**MATERIAL SHOWN**
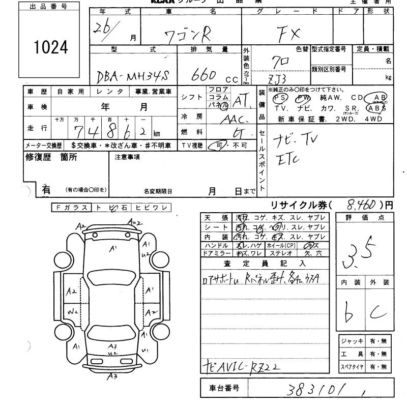 SUZUKI WAGON R 2014 г., лот № 1024
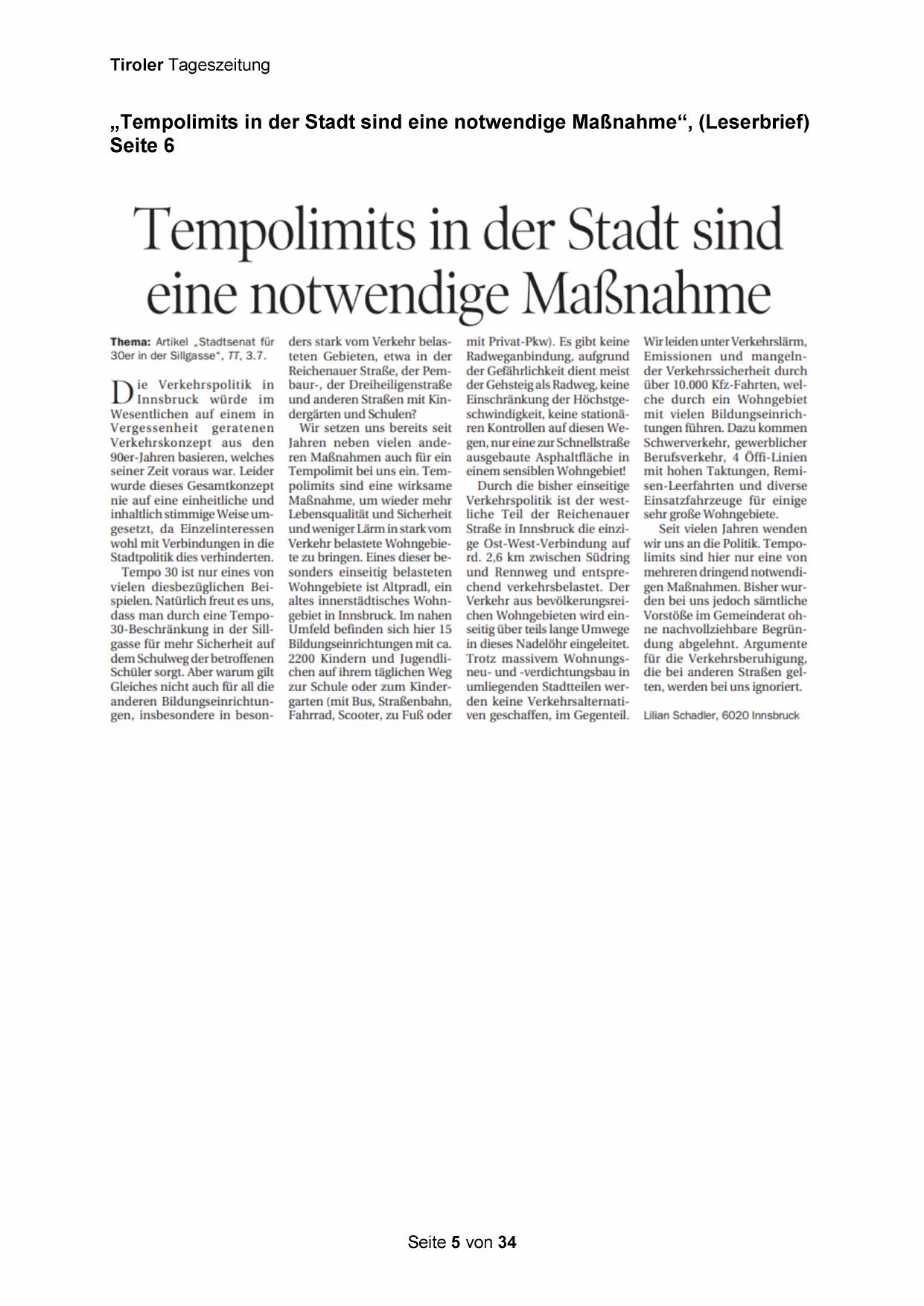 30er in der Sillgasse“, TT, 3.7.
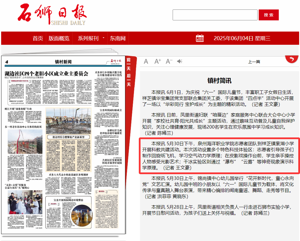 【石狮日报】泉州海洋职业学院志愿者团队走进祥芝镇紫湖小学开展科教共建活动
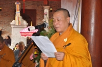 TT Thích Bảo Nghiêm thay lời Đức đệ tam Pháp chủ tuyên đọc tán lễ cố Đại lão Hòa thượng đệ nhất Pháp chủ
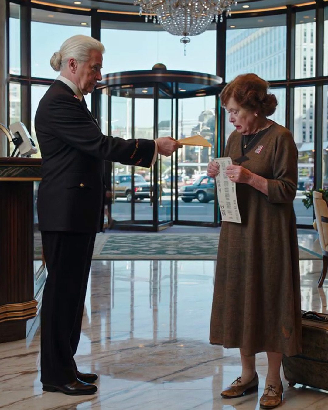 Mijn zoon en schoondochter noemt mij voor het eerst mee naar een vijf sterren. We merkten het hele weekend op, maar toen zei hij: « Bedankt voor het verblijf, mam, » en rende weg, waardoor ik zonder geld achterbleef om de rekening te betalen. Plotseling kwam de bejaarde receptioniste achter de balie vandaan en vroeg: « Bent u de dochter van meneer Harrison? Ik heb 33 jaar voor uw vader gewerkt. Voordat hij stierf, zei hij tegen me: ‘Geef deze envelop aan mijn dochter als u haar ziet.' » Toen ik de envelop opende, was ik verdwenenloos, want mijn zoon had dit allemaal van begin af aan gepland, en wat ik erin aantrof, mijn feitelijke leven voorgoed.
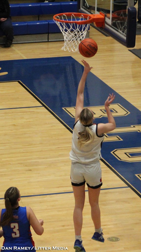Edgington finished with 24-points to lead all scorers. Blakeman tallied 9, McConnell 6, Kaylee West had 4, Brooklyn Cramer 2 and Juliana Sims-Ross one.
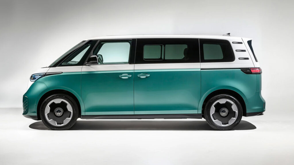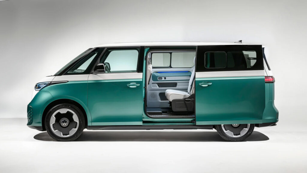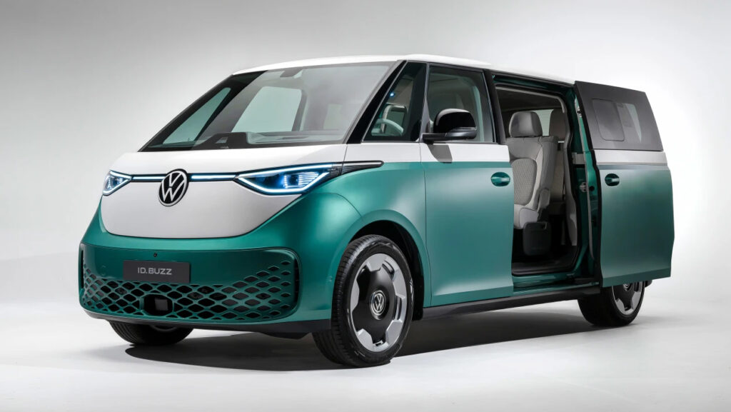 ID. Buzz kom á markað á síðasta ári í fimm sæta MPV og Cargo sendibíl, en nú hefur stærri Volkswagen ID. Buzz LWB hefur verið opinberaður með allt að sjö sæti, því VW kynnti þennan nýja bíl á föstudaginn 2. júní.
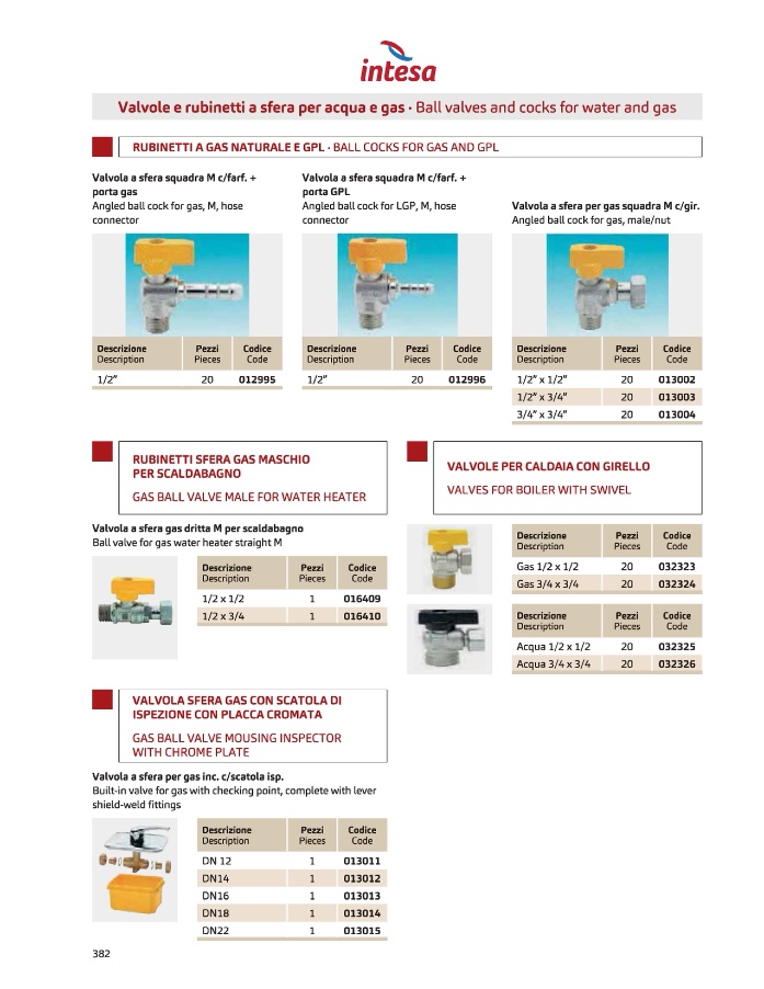 Valvole e rubinetti a sfera per acqua e gas• Ball valves and cocks far water and gas
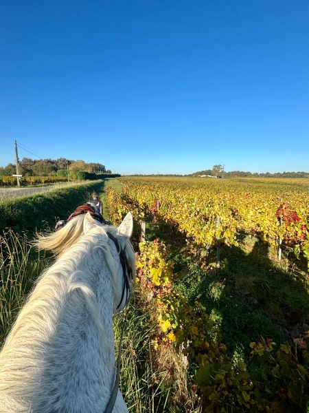 Les grands vins de Bordeaux à cheval avec Cap Rando: un vrai dépaysement toujours avec les meilleures prestations accueil, encadrement, hébergement, cavalerie, intendance, guides, sécurité, … j adhère ! Et toujours les excellents conseils et services de Cap Rando, des vrais pros !

**AIM OF THE TASK**
All lines from the one holding "ID. Buzz kom" through the last line of the material above should be set down exactly, and the pictures should be left out.

**RESPONSE AREA**
 ID. Buzz kom á markað á síðasta ári í fimm sæta MPV og Cargo sendibíl, en nú hefur stærri Volkswagen ID. Buzz LWB hefur verið opinberaður með allt að sjö sæti, því VW kynnti þennan nýja bíl á föstudaginn 2. júní.
 Valvole e rubinetti a sfera per acqua e gas• Ball valves and cocks far water and gas
 Les grands vins de Bordeaux à cheval avec Cap Rando: un vrai dépaysement toujours avec les meilleures prestations accueil, encadrement, hébergement, cavalerie, intendance, guides, sécurité, … j adhère ! Et toujours les excellents conseils et services de Cap Rando, des vrais pros !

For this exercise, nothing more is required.